=== Your instructions ===
Please repeat each line below exactly, with no images in the copy.

=== Recorded information ===
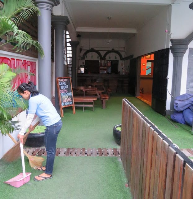 We arrived at the hostel about 6.15am and the guard let us sleep by the pool. He took out the mattress and let us lie on it. It was a warm morning. We lay till the sun rose. This time, I got some clear photos taken. Mad Monkey Hostel Phnom Penh has 2 buildings which is across the road from each other. The restaurant, some rooms and bar are located in another building. The reception, swimming pool and some rooms are in the main building.
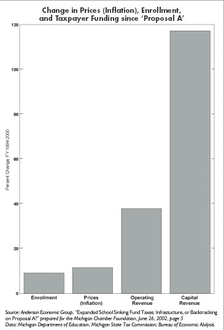 The study underscores how much capital revenue for schools has skyrocketed since passage of Proposal A. Capital revenue includes both sinking funds and the proceeds from other bond debt for building and site expenses. Since Proposal A was enacted in 1994, capital revenue has more than doubled. Meanwhile, operating revenue has grown by less than 40 percent, and general price or inflationary changes have been far less than 20 percent (see graph).
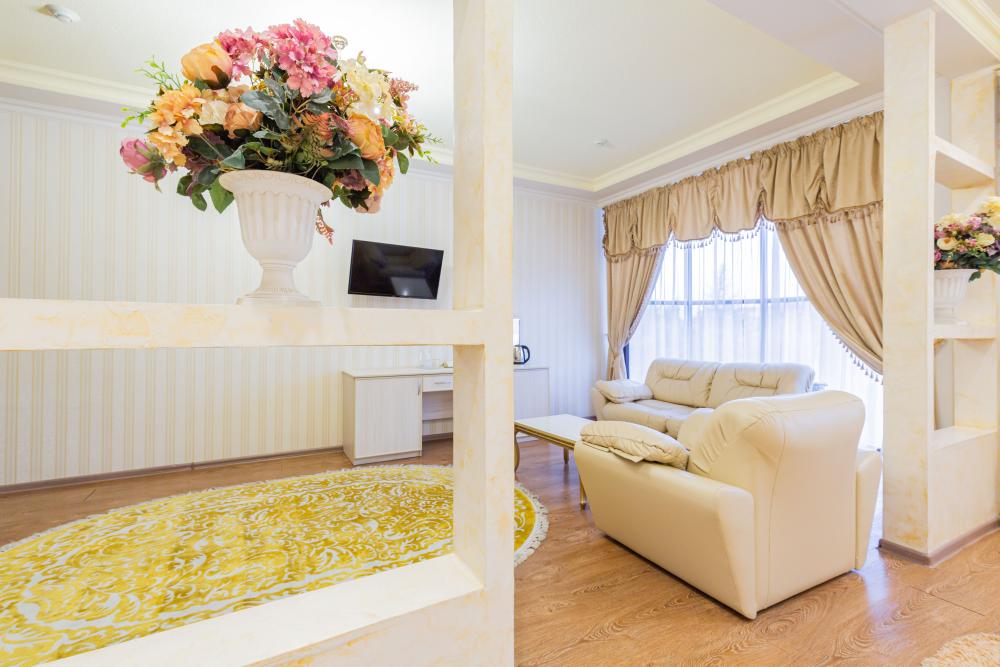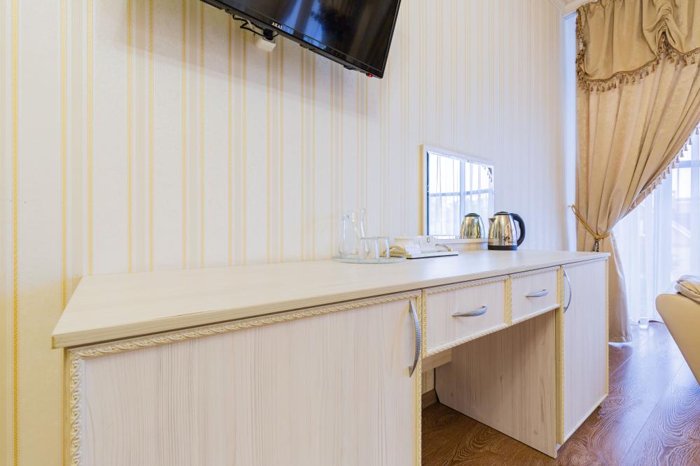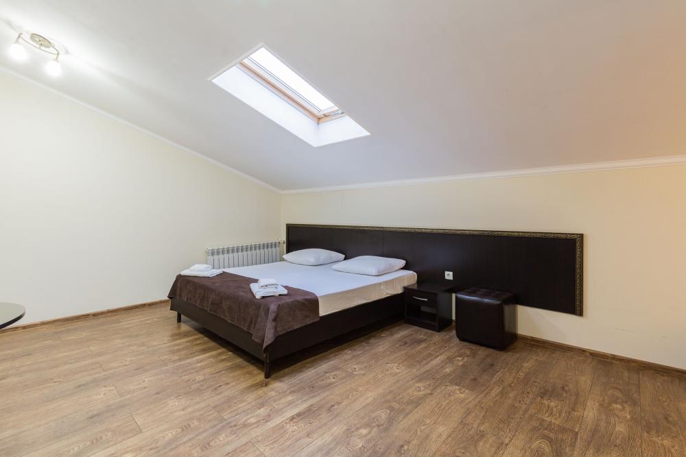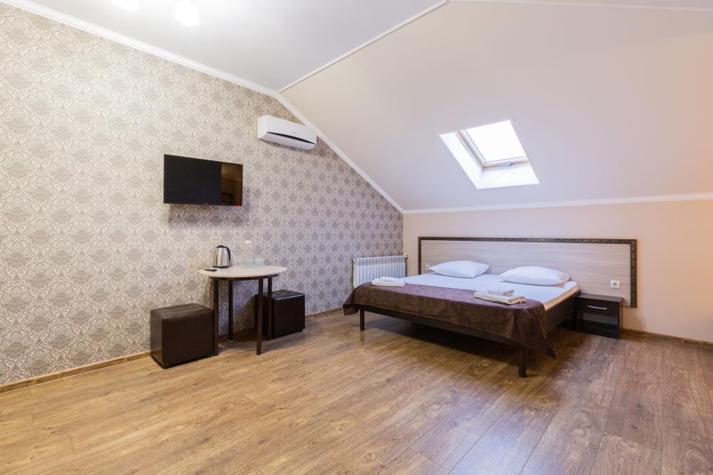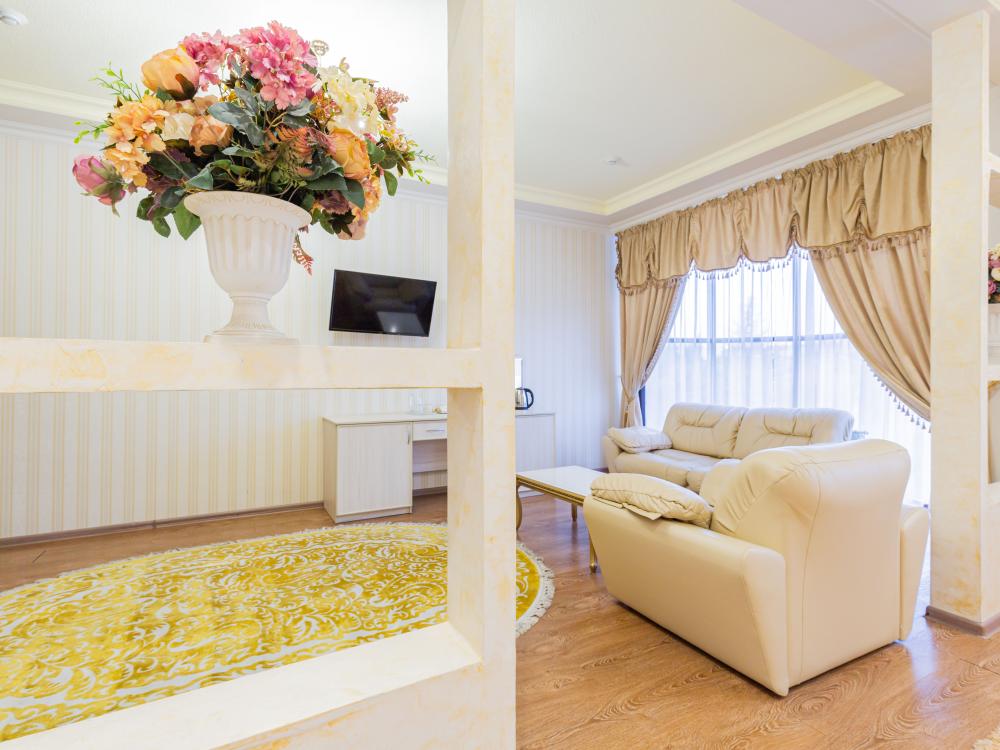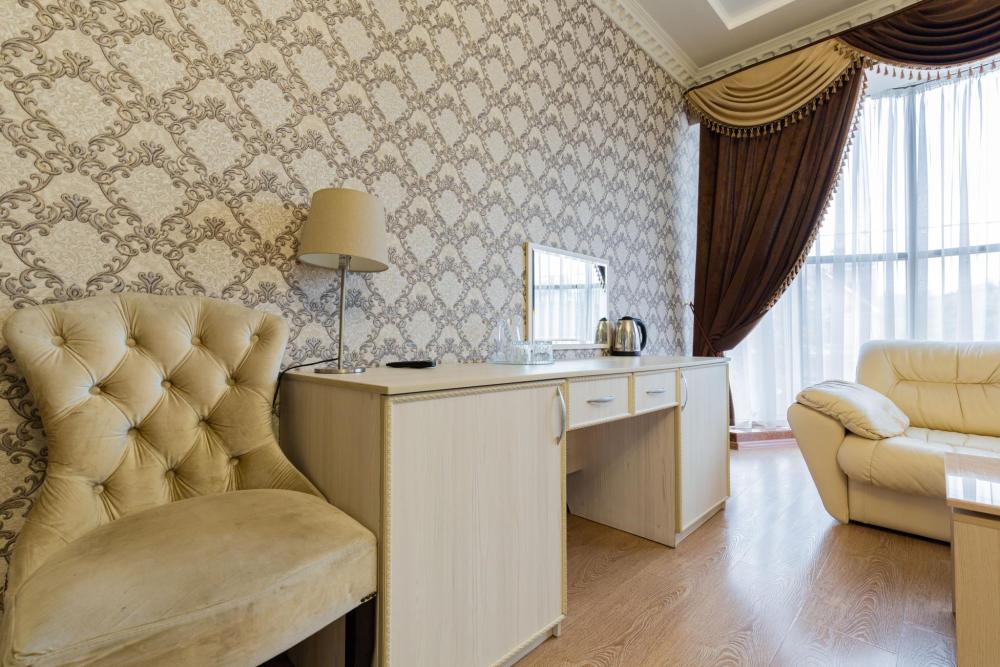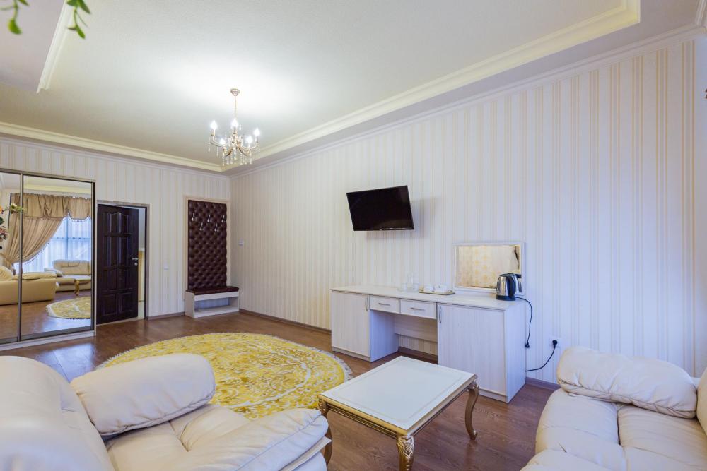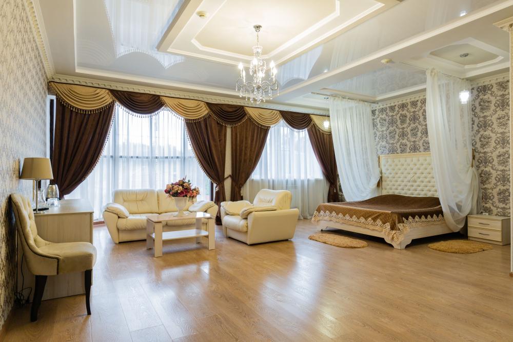 Большой и просторный номер категории люкс. В номере: большая двуспальная кровать, зона отдыха с диванчиком и креслом, шкаф, столик, набор для чая и кофе, телевизор, кондиционер, ванная комната
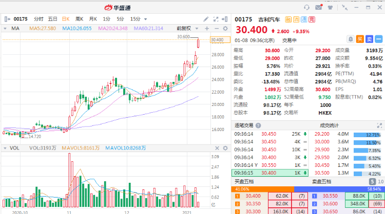 1月8日消息,吉利汽车拟2021年实现153万辆的销量目标,公司股价大幅走高,截至发稿,吉利汽车涨9%,报价30.4港元,市值冲刺3000亿港元。
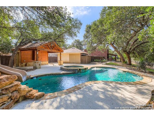 Traditional 3,714 sq ft., Two-Story Brick Home, a Southern charmer set on Greenbelt with one of the largest lots in the Redland Oaks neighborhood. This freshly painted home offers 5 bedrooms plus an office that could serve as a 6th, 3 beautifully updated baths, and multiple living and dining areas perfect for gatherings of all sizes. The kitchen features gas cooking, granite countertops, and stainless steel appliances, including a premium French-door refrigerator with dual freezer drawers, making meal prep a dream. The bathrooms shine with designer upgrades, while new flooring and lighting throughout the home bring a fresh, updated feel. Downstairs, a cozy fireplace invites relaxing evenings, while upstairs a massive 480+square-foot family room offers endless possibilities from a home theater, to game room, playroom or home gym. Splash down the pool slide, soak in the hot tub, or sip sweet tea on the spacious patio under the shade of mature trees. With tons of space for barbecues, lawn games, and summer nights spent stargazing, this home truly embodies Southern living at its best. With 3,714 square feet of living space and timeless charm, this home is ready to welcome you - with space to gather, relax, and make lifelong memories.
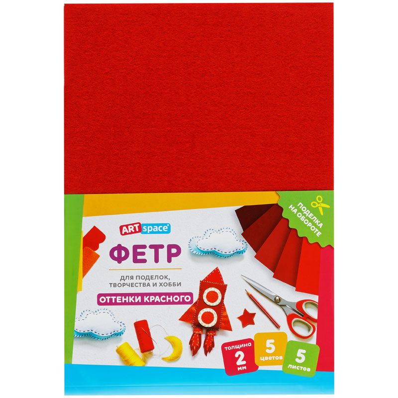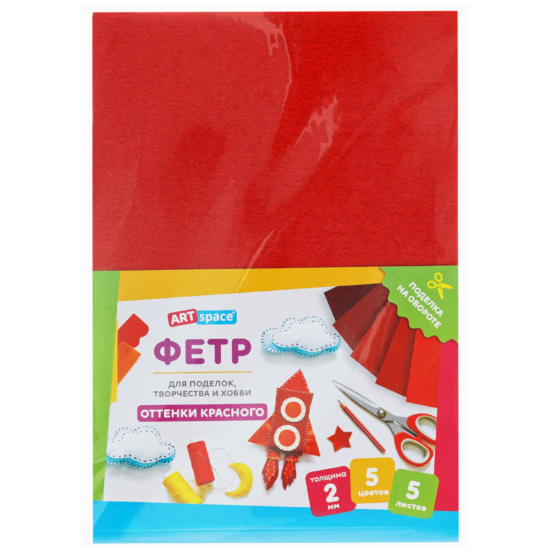 Фетр ArtSpace отлично подойдёт для пошива игрушек, книжек, украшений, сумочек, а также декора предметов интерьера. Мягкий и податливый материал хорошо держит форму, быстро склеивается и сгибается в любом направлении. Используется в различных видах творчества: шитьё, скрапбукинг, вышивка бисером, создание бижутерии. Богатая цветовая палитра порадует и детей, и взрослых. Создавайте неповторимые шедевры! Товар представлен в 5 листах, 5 оттенков красного. Размер: 210*297 мм. Толщина материала: 2 мм. • Размер: 210*297 мм; • Цвет: ассорти; • Толщина материала: 2 мм.
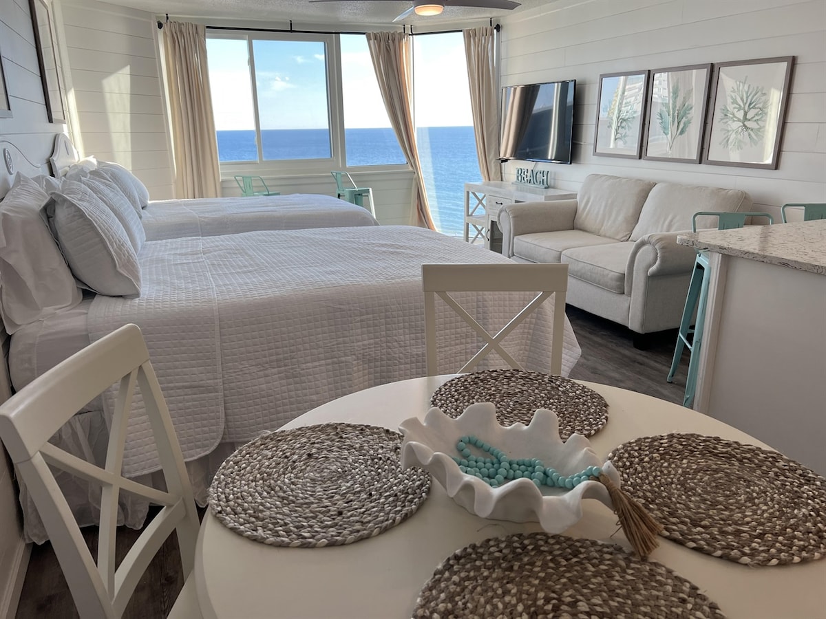 Welcome to your 11th floor balcony view of The World's Most Beautiful Beaches! Beachfront condo at Summit on Panama City Beach! *NEWLY RENOVATED AND DECORATED! Fresh, modern and fun decor! *Condo sleeps 5 with king in master suite, built-in bunks and leather sofa/ queen sleeper. 1 1/2 bath. *Washer & Dryer in the condo. *Linens/Bath towels, startup toiletries. *Smart HD TV, free Wi-Fi in living room & bedroom.
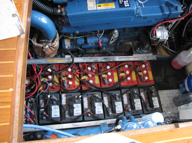After having Kawartha ice cream,we drove up to Bancroft and spent the night with Brian and Helen. On Saturday we did some grocery shopping for the trip and drove back to Buckhorn filled the fridge and I unloaded the car. We drove back to Bancroft for the night. On Sunday morning we met Brian and Muriel for breakfast before returning to Buckhorn again. There was still a lot to be done and Gene, said he would return Monday morning. Monday was a dreary day- We took the boat out for a short trip which involved driving around in circles to calibrate some of the instruments. While doing some testing in the morning Gene determined that some of our batteries were defective, so we decided to change out 6 of the 12 batteries for new ones. While looking through some old boat bills, I ascertained that the batteries were likely 9 years old, and had surpassed their life expectancy. The batteries arrives at 2pm from Peterborough and were in the boat and hooked up by 4.
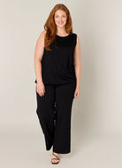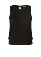 Yasmina ist ein ärmelloses Oberteil aus einer weichen Viskosemischung. Das Oberteil hat einen Rundhalsausschnitt, einen Knopfverschluss im Nacken und ein breites Verbindungsband im unteren Bereich, das einen Bluseneffekt erzeugt. Yasmina ist in den Farben Weiß, Dunkelblau und Schwarz erhältlich.
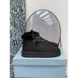 Prada Autumn And Winter Thick Soled Wool High Top Shoes
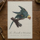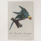 Esta elegante ilustração de história natural retrata a agora extinta arara-carolina, um papagaio outrora vibrante nativo das regiões leste e centro-oeste dos Estados Unidos. Empoleirado em um galho texturizado, o pássaro é mostrado em uma pose dinâmica com asas parcialmente estendidas, destacando a camada intrincada de sua plumagem. Seu corpo é principalmente um verde rico, sutilmente sombreado para sugerir profundidade e suavidade, enquanto a cabeça apresenta um contraste marcante de amarelo brilhante e uma face laranja-avermelhada - uma das características mais reconhecíveis da espécie.
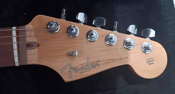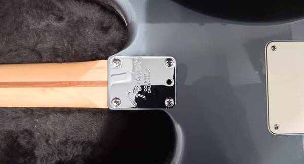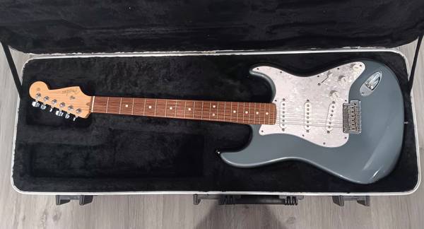 This is the Fender "American Standard" Stratocaster, made between 2008- 2012. It's a beautiful light "Charcoal Frost Metallic Blue" color, with a maple neck and a rosewood fretboard. It's in excellent condition with absolutely NO MARKS, NO SCRATCHES and NO DINGS on it anywhere. It comes with a TSA Approved hard travel case, that is very soft and luxurious inside. Also includes the "Whammy Bar" and a new set of strings.
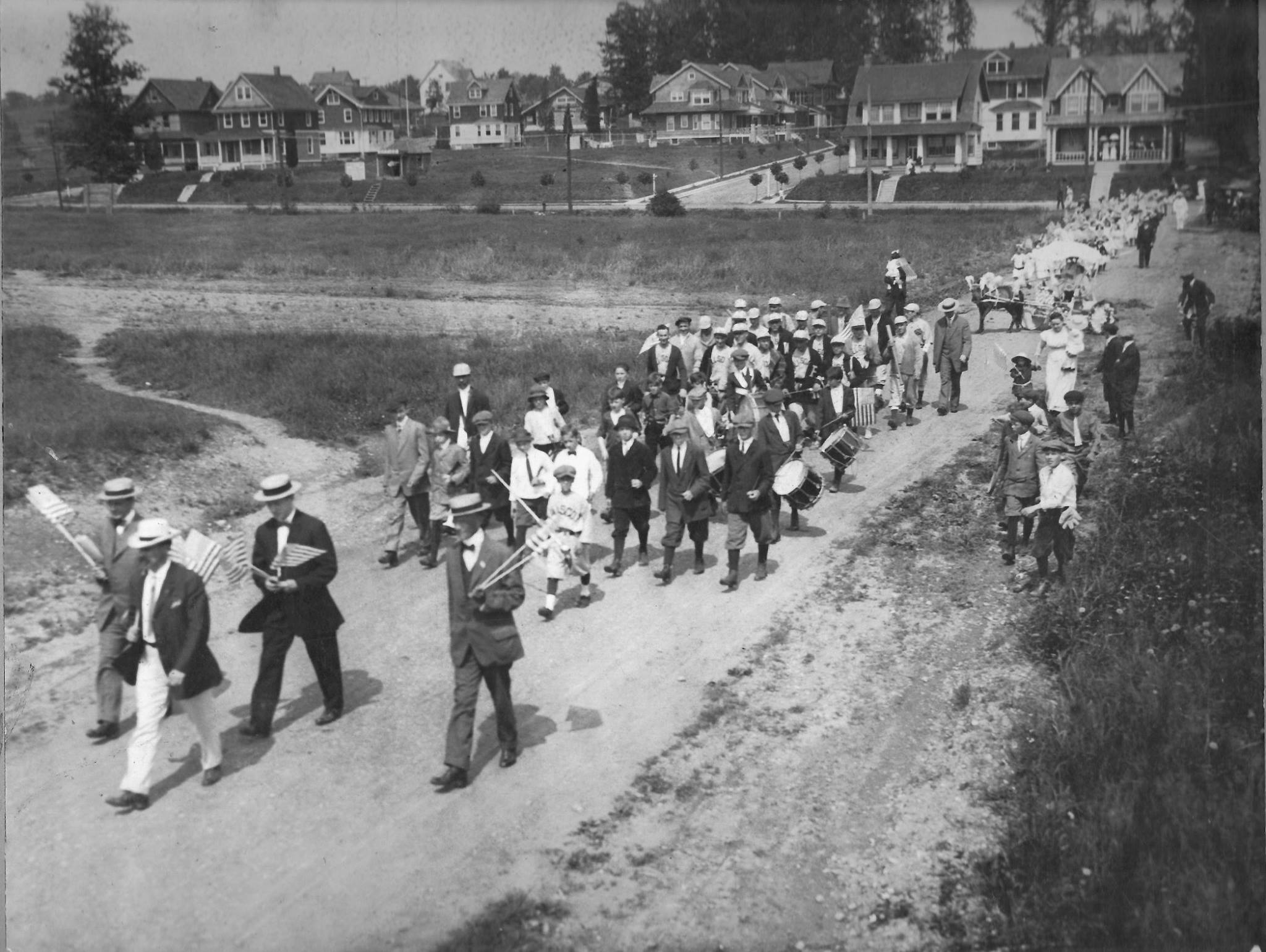 Four men, possibly borough officials, lead the procession. They are followed by a band, a baseball team and then a small horse that is decorated with feathers and pulling a cart. Behind, dozens of little girls file down the street in white dresses. The angle of the photo is probably from a second floor window.

=== Your solution ===
 We arrived at the hostel about 6.15am and the guard let us sleep by the pool. He took out the mattress and let us lie on it. It was a warm morning. We lay till the sun rose. This time, I got some clear photos taken. Mad Monkey Hostel Phnom Penh has 2 buildings which is across the road from each other. The restaurant, some rooms and bar are located in another building. The reception, swimming pool and some rooms are in the main building.
 The study underscores how much capital revenue for schools has skyrocketed since passage of Proposal A. Capital revenue includes both sinking funds and the proceeds from other bond debt for building and site expenses. Since Proposal A was enacted in 1994, capital revenue has more than doubled. Meanwhile, operating revenue has grown by less than 40 percent, and general price or inflationary changes have been far less than 20 percent (see graph).
 Большой и просторный номер категории люкс. В номере: большая двуспальная кровать, зона отдыха с диванчиком и креслом, шкаф, столик, набор для чая и кофе, телевизор, кондиционер, ванная комната
 1月8日消息,吉利汽车拟2021年实现153万辆的销量目标,公司股价大幅走高,截至发稿,吉利汽车涨9%,报价30.4港元,市值冲刺3000亿港元。
 Traditional 3,714 sq ft., Two-Story Brick Home, a Southern charmer set on Greenbelt with one of the largest lots in the Redland Oaks neighborhood. This freshly painted home offers 5 bedrooms plus an office that could serve as a 6th, 3 beautifully updated baths, and multiple living and dining areas perfect for gatherings of all sizes. The kitchen features gas cooking, granite countertops, and stainless steel appliances, including a premium French-door refrigerator with dual freezer drawers, making meal prep a dream. The bathrooms shine with designer upgrades, while new flooring and lighting throughout the home bring a fresh, updated feel. Downstairs, a cozy fireplace invites relaxing evenings, while upstairs a massive 480+square-foot family room offers endless possibilities from a home theater, to game room, playroom or home gym. Splash down the pool slide, soak in the hot tub, or sip sweet tea on the spacious patio under the shade of mature trees. With tons of space for barbecues, lawn games, and summer nights spent stargazing, this home truly embodies Southern living at its best. With 3,714 square feet of living space and timeless charm, this home is ready to welcome you - with space to gather, relax, and make lifelong memories.
 Фетр ArtSpace отлично подойдёт для пошива игрушек, книжек, украшений, сумочек, а также декора предметов интерьера. Мягкий и податливый материал хорошо держит форму, быстро склеивается и сгибается в любом направлении. Используется в различных видах творчества: шитьё, скрапбукинг, вышивка бисером, создание бижутерии. Богатая цветовая палитра порадует и детей, и взрослых. Создавайте неповторимые шедевры! Товар представлен в 5 листах, 5 оттенков красного. Размер: 210*297 мм. Толщина материала: 2 мм. • Размер: 210*297 мм; • Цвет: ассорти; • Толщина материала: 2 мм.
 Welcome to your 11th floor balcony view of The World's Most Beautiful Beaches! Beachfront condo at Summit on Panama City Beach! *NEWLY RENOVATED AND DECORATED! Fresh, modern and fun decor! *Condo sleeps 5 with king in master suite, built-in bunks and leather sofa/ queen sleeper. 1 1/2 bath. *Washer & Dryer in the condo. *Linens/Bath towels, startup toiletries. *Smart HD TV, free Wi-Fi in living room & bedroom.
After having Kawartha ice cream,we drove up to Bancroft and spent the night with Brian and Helen. On Saturday we did some grocery shopping for the trip and drove back to Buckhorn filled the fridge and I unloaded the car. We drove back to Bancroft for the night. On Sunday morning we met Brian and Muriel for breakfast before returning to Buckhorn again. There was still a lot to be done and Gene, said he would return Monday morning. Monday was a dreary day- We took the boat out for a short trip which involved driving around in circles to calibrate some of the instruments. While doing some testing in the morning Gene determined that some of our batteries were defective, so we decided to change out 6 of the 12 batteries for new ones. While looking through some old boat bills, I ascertained that the batteries were likely 9 years old, and had surpassed their life expectancy. The batteries arrives at 2pm from Peterborough and were in the boat and hooked up by 4.
 Yasmina ist ein ärmelloses Oberteil aus einer weichen Viskosemischung. Das Oberteil hat einen Rundhalsausschnitt, einen Knopfverschluss im Nacken und ein breites Verbindungsband im unteren Bereich, das einen Bluseneffekt erzeugt. Yasmina ist in den Farben Weiß, Dunkelblau und Schwarz erhältlich.
 Prada Autumn And Winter Thick Soled Wool High Top Shoes
 Esta elegante ilustração de história natural retrata a agora extinta arara-carolina, um papagaio outrora vibrante nativo das regiões leste e centro-oeste dos Estados Unidos. Empoleirado em um galho texturizado, o pássaro é mostrado em uma pose dinâmica com asas parcialmente estendidas, destacando a camada intrincada de sua plumagem. Seu corpo é principalmente um verde rico, sutilmente sombreado para sugerir profundidade e suavidade, enquanto a cabeça apresenta um contraste marcante de amarelo brilhante e uma face laranja-avermelhada - uma das características mais reconhecíveis da espécie.
 This is the Fender "American Standard" Stratocaster, made between 2008- 2012. It's a beautiful light "Charcoal Frost Metallic Blue" color, with a maple neck and a rosewood fretboard. It's in excellent condition with absolutely NO MARKS, NO SCRATCHES and NO DINGS on it anywhere. It comes with a TSA Approved hard travel case, that is very soft and luxurious inside. Also includes the "Whammy Bar" and a new set of strings.
 Four men, possibly borough officials, lead the procession. They are followed by a band, a baseball team and then a small horse that is decorated with feathers and pulling a cart. Behind, dozens of little girls file down the street in white dresses. The angle of the photo is probably from a second floor window.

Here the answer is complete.